● Your assignment: Begin at the line that has "Eine zarte, geschwärzte", stop after the line that has "Die deutsche LitteraturdesNeunzehnten", and print exactly those lines from the records below, without any pictures.
[[ Task inputs open ]]
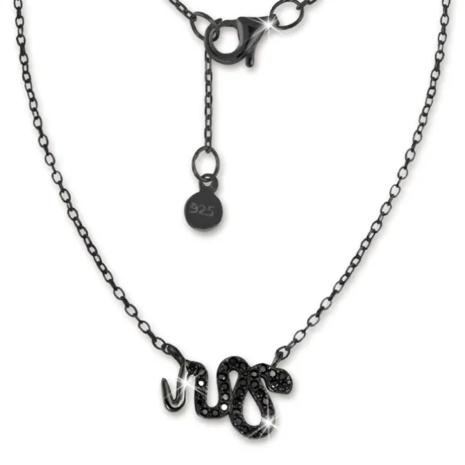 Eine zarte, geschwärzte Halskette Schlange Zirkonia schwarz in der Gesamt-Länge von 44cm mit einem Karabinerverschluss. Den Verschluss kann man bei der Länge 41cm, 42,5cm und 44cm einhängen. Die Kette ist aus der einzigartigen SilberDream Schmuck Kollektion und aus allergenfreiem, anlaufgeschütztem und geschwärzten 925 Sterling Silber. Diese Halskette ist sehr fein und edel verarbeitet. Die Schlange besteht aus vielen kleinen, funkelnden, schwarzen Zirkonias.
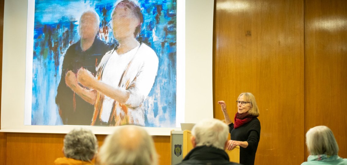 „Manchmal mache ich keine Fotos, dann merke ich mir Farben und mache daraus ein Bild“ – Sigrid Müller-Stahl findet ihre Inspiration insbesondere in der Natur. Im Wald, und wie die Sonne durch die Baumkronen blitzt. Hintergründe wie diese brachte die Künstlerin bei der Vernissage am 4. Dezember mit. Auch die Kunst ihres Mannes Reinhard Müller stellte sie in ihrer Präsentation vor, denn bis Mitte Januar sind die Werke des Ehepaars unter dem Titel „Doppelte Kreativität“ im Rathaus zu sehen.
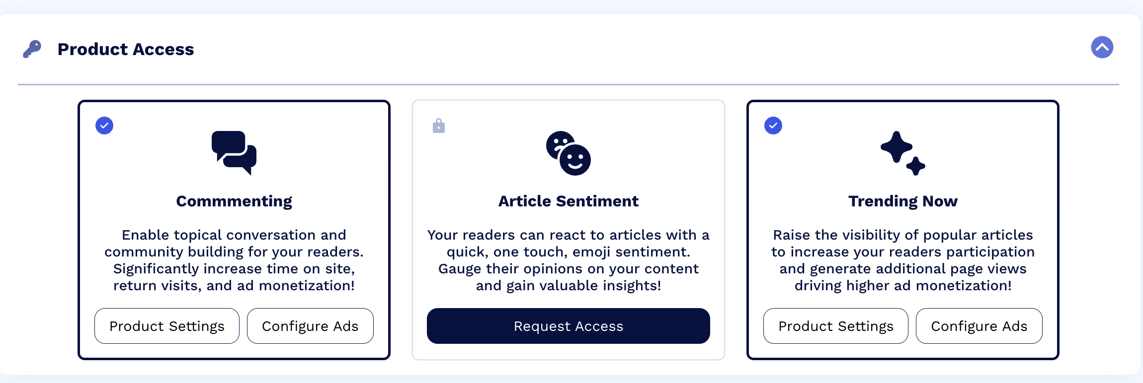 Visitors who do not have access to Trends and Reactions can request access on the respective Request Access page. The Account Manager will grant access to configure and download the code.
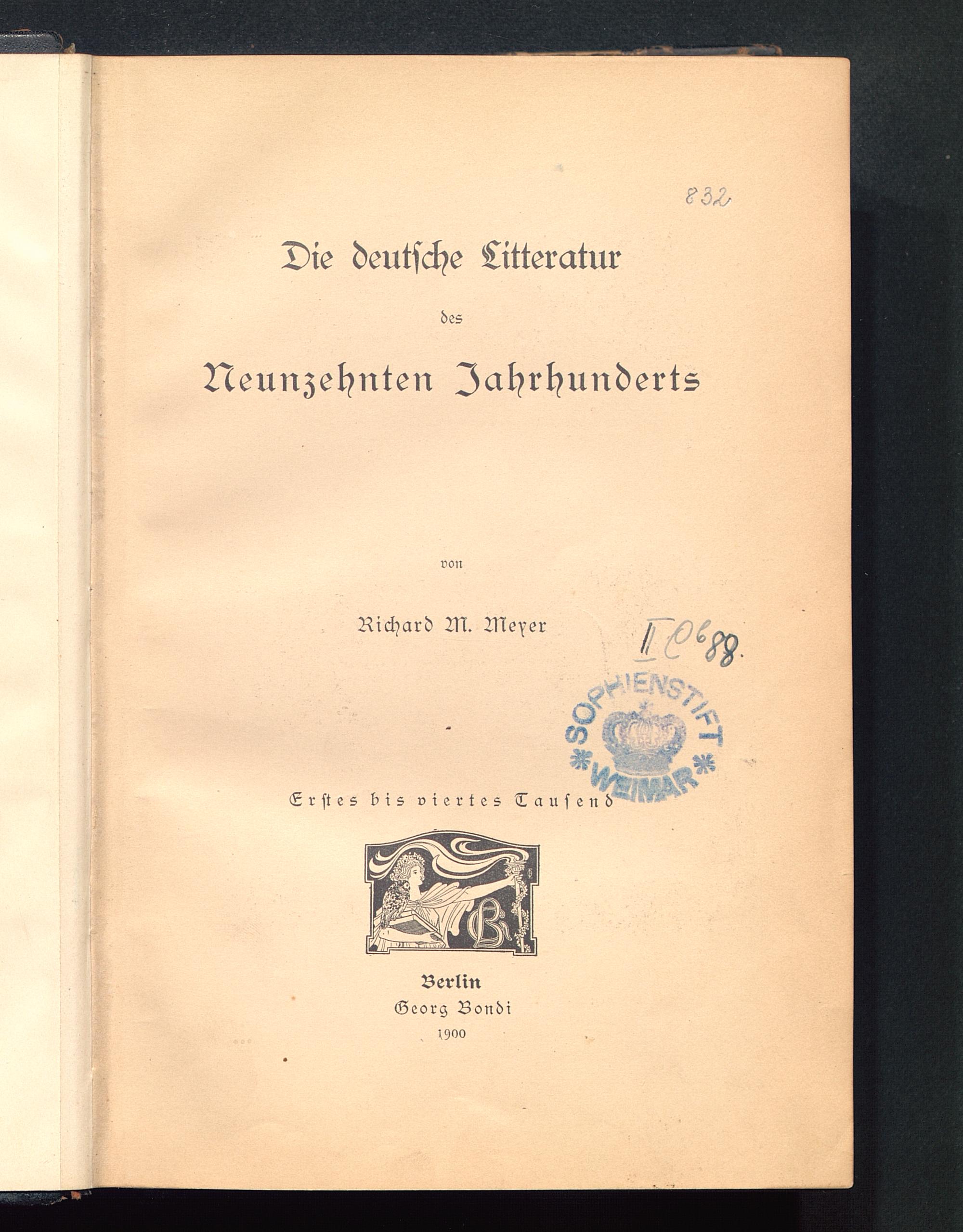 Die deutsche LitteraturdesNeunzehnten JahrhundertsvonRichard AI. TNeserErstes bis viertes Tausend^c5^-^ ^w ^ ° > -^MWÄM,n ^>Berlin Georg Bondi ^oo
[[ Task inputs closed ]]
[[ Task inputs open ]]
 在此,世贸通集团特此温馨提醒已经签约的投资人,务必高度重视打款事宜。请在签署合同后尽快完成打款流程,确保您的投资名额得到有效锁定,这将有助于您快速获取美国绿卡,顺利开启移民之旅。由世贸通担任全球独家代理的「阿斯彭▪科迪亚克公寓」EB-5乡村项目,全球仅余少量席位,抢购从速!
[[ Task inputs closed ]]
● Answer to this task:
 Eine zarte, geschwärzte Halskette Schlange Zirkonia schwarz in der Gesamt-Länge von 44cm mit einem Karabinerverschluss. Den Verschluss kann man bei der Länge 41cm, 42,5cm und 44cm einhängen. Die Kette ist aus der einzigartigen SilberDream Schmuck Kollektion und aus allergenfreiem, anlaufgeschütztem und geschwärzten 925 Sterling Silber. Diese Halskette ist sehr fein und edel verarbeitet. Die Schlange besteht aus vielen kleinen, funkelnden, schwarzen Zirkonias.
 „Manchmal mache ich keine Fotos, dann merke ich mir Farben und mache daraus ein Bild“ – Sigrid Müller-Stahl findet ihre Inspiration insbesondere in der Natur. Im Wald, und wie die Sonne durch die Baumkronen blitzt. Hintergründe wie diese brachte die Künstlerin bei der Vernissage am 4. Dezember mit. Auch die Kunst ihres Mannes Reinhard Müller stellte sie in ihrer Präsentation vor, denn bis Mitte Januar sind die Werke des Ehepaars unter dem Titel „Doppelte Kreativität“ im Rathaus zu sehen.
 Visitors who do not have access to Trends and Reactions can request access on the respective Request Access page. The Account Manager will grant access to configure and download the code.
 Die deutsche LitteraturdesNeunzehnten JahrhundertsvonRichard AI. TNeserErstes bis viertes Tausend^c5^-^ ^w ^ ° > -^MWÄM,n ^>Berlin Georg Bondi ^oo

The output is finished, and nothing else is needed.